* _The task_
Exact transcription with no images: write out all of the entries below.

---------- Stored data

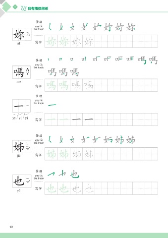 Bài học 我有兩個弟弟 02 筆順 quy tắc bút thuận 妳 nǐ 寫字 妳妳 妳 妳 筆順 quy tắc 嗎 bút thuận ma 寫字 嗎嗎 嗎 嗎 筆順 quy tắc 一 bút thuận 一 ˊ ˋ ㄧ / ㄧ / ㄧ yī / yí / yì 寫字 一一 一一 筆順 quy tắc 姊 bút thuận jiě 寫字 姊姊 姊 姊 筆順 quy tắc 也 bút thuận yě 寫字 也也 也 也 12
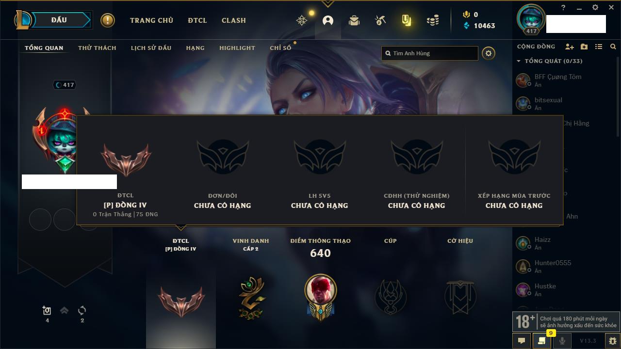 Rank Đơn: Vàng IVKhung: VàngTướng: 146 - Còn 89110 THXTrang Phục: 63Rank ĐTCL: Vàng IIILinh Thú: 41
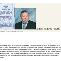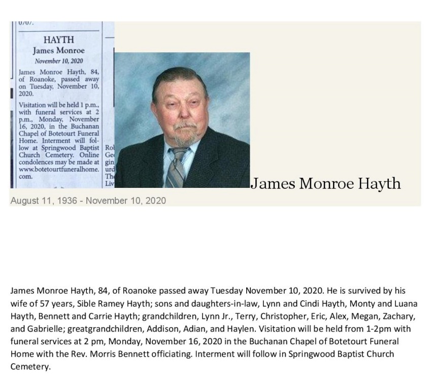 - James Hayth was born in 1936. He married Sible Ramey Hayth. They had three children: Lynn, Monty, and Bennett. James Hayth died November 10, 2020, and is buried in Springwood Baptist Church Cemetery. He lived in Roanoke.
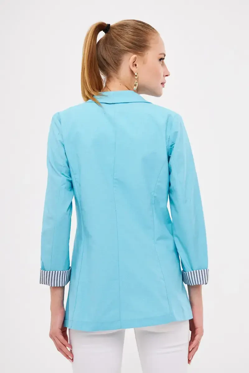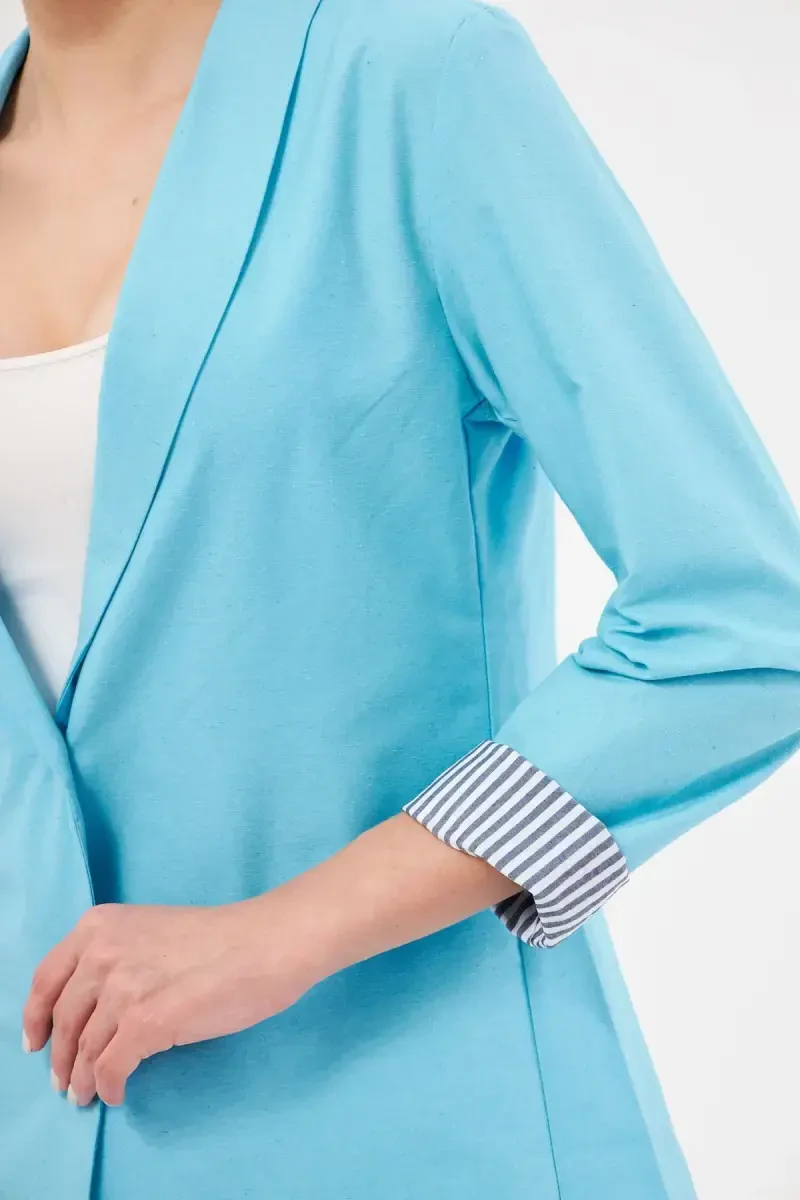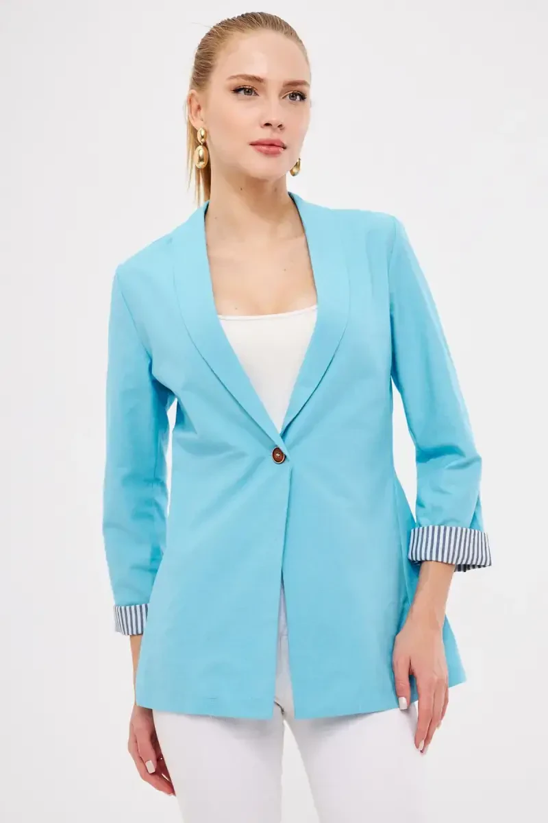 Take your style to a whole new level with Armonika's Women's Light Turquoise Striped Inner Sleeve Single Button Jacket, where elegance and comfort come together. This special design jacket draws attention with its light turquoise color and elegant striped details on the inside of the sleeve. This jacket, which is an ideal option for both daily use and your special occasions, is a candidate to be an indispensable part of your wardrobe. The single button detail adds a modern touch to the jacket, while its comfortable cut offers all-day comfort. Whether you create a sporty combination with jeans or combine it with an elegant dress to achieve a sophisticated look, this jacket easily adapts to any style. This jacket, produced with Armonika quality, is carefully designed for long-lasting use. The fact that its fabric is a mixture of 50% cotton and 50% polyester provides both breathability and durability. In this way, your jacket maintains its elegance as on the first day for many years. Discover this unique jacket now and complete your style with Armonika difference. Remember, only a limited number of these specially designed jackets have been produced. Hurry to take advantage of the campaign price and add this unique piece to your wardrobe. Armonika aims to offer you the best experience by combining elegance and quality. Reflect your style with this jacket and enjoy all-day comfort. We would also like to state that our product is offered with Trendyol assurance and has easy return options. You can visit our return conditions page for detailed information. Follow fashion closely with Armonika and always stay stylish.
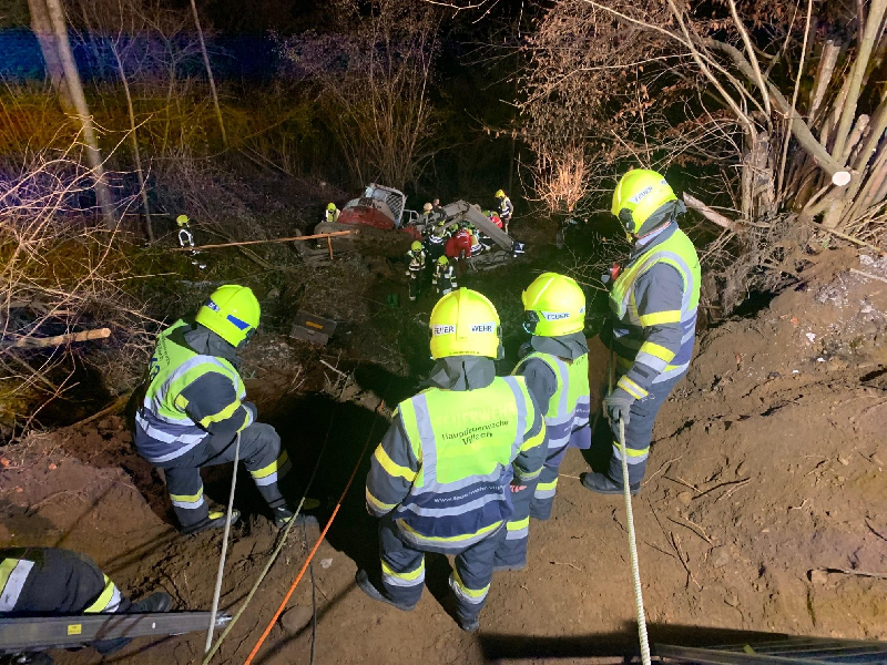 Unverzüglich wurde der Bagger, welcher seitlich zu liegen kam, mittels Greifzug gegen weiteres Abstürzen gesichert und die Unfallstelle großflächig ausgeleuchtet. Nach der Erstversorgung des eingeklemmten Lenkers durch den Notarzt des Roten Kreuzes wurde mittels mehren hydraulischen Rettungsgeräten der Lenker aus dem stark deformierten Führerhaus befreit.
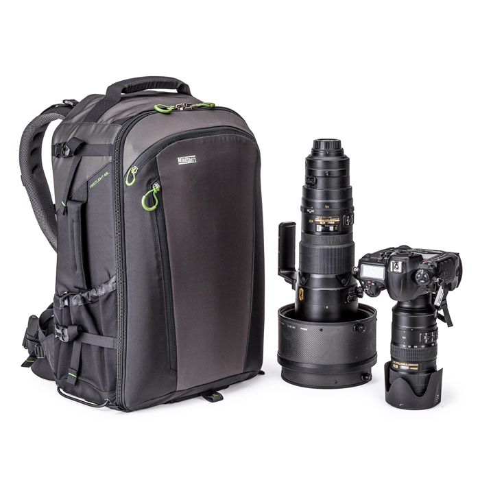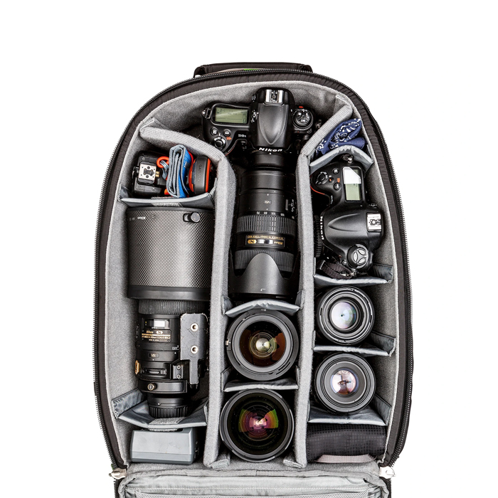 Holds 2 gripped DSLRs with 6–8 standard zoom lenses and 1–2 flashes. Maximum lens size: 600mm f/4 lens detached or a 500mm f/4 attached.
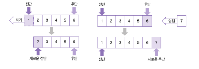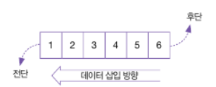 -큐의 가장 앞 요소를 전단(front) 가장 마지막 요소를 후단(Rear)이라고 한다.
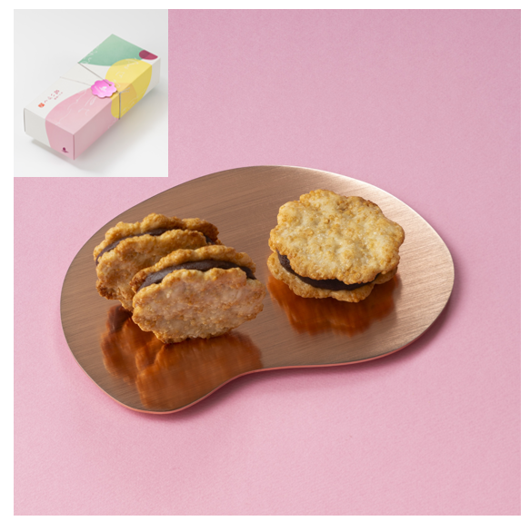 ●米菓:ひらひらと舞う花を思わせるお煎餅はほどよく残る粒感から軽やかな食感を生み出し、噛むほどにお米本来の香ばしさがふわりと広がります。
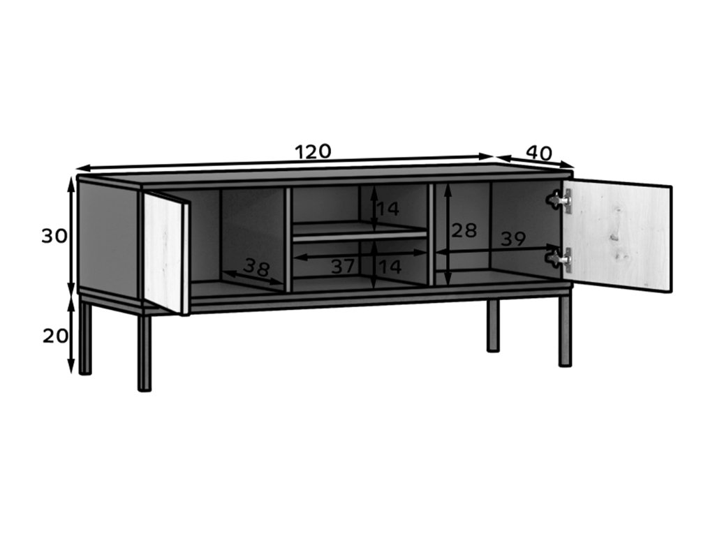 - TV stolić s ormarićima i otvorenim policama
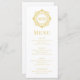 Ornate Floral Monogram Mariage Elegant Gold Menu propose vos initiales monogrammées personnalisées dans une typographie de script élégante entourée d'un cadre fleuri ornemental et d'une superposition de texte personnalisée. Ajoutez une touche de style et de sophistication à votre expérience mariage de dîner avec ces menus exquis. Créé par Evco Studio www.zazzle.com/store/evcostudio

--------------------

* _Answer section_
 Bài học 我有兩個弟弟 02 筆順 quy tắc bút thuận 妳 nǐ 寫字 妳妳 妳 妳 筆順 quy tắc 嗎 bút thuận ma 寫字 嗎嗎 嗎 嗎 筆順 quy tắc 一 bút thuận 一 ˊ ˋ ㄧ / ㄧ / ㄧ yī / yí / yì 寫字 一一 一一 筆順 quy tắc 姊 bút thuận jiě 寫字 姊姊 姊 姊 筆順 quy tắc 也 bút thuận yě 寫字 也也 也 也 12
 Rank Đơn: Vàng IVKhung: VàngTướng: 146 - Còn 89110 THXTrang Phục: 63Rank ĐTCL: Vàng IIILinh Thú: 41
 - James Hayth was born in 1936. He married Sible Ramey Hayth. They had three children: Lynn, Monty, and Bennett. James Hayth died November 10, 2020, and is buried in Springwood Baptist Church Cemetery. He lived in Roanoke.
 Take your style to a whole new level with Armonika's Women's Light Turquoise Striped Inner Sleeve Single Button Jacket, where elegance and comfort come together. This special design jacket draws attention with its light turquoise color and elegant striped details on the inside of the sleeve. This jacket, which is an ideal option for both daily use and your special occasions, is a candidate to be an indispensable part of your wardrobe. The single button detail adds a modern touch to the jacket, while its comfortable cut offers all-day comfort. Whether you create a sporty combination with jeans or combine it with an elegant dress to achieve a sophisticated look, this jacket easily adapts to any style. This jacket, produced with Armonika quality, is carefully designed for long-lasting use. The fact that its fabric is a mixture of 50% cotton and 50% polyester provides both breathability and durability. In this way, your jacket maintains its elegance as on the first day for many years. Discover this unique jacket now and complete your style with Armonika difference. Remember, only a limited number of these specially designed jackets have been produced. Hurry to take advantage of the campaign price and add this unique piece to your wardrobe. Armonika aims to offer you the best experience by combining elegance and quality. Reflect your style with this jacket and enjoy all-day comfort. We would also like to state that our product is offered with Trendyol assurance and has easy return options. You can visit our return conditions page for detailed information. Follow fashion closely with Armonika and always stay stylish.
 Unverzüglich wurde der Bagger, welcher seitlich zu liegen kam, mittels Greifzug gegen weiteres Abstürzen gesichert und die Unfallstelle großflächig ausgeleuchtet. Nach der Erstversorgung des eingeklemmten Lenkers durch den Notarzt des Roten Kreuzes wurde mittels mehren hydraulischen Rettungsgeräten der Lenker aus dem stark deformierten Führerhaus befreit.
 Holds 2 gripped DSLRs with 6–8 standard zoom lenses and 1–2 flashes. Maximum lens size: 600mm f/4 lens detached or a 500mm f/4 attached.
 -큐의 가장 앞 요소를 전단(front) 가장 마지막 요소를 후단(Rear)이라고 한다.
 ●米菓:ひらひらと舞う花を思わせるお煎餅はほどよく残る粒感から軽やかな食感を生み出し、噛むほどにお米本来の香ばしさがふわりと広がります。
 - TV stolić s ormarićima i otvorenim policama
 Ornate Floral Monogram Mariage Elegant Gold Menu propose vos initiales monogrammées personnalisées dans une typographie de script élégante entourée d'un cadre fleuri ornemental et d'une superposition de texte personnalisée. Ajoutez une touche de style et de sophistication à votre expérience mariage de dîner avec ces menus exquis. Créé par Evco Studio www.zazzle.com/store/evcostudio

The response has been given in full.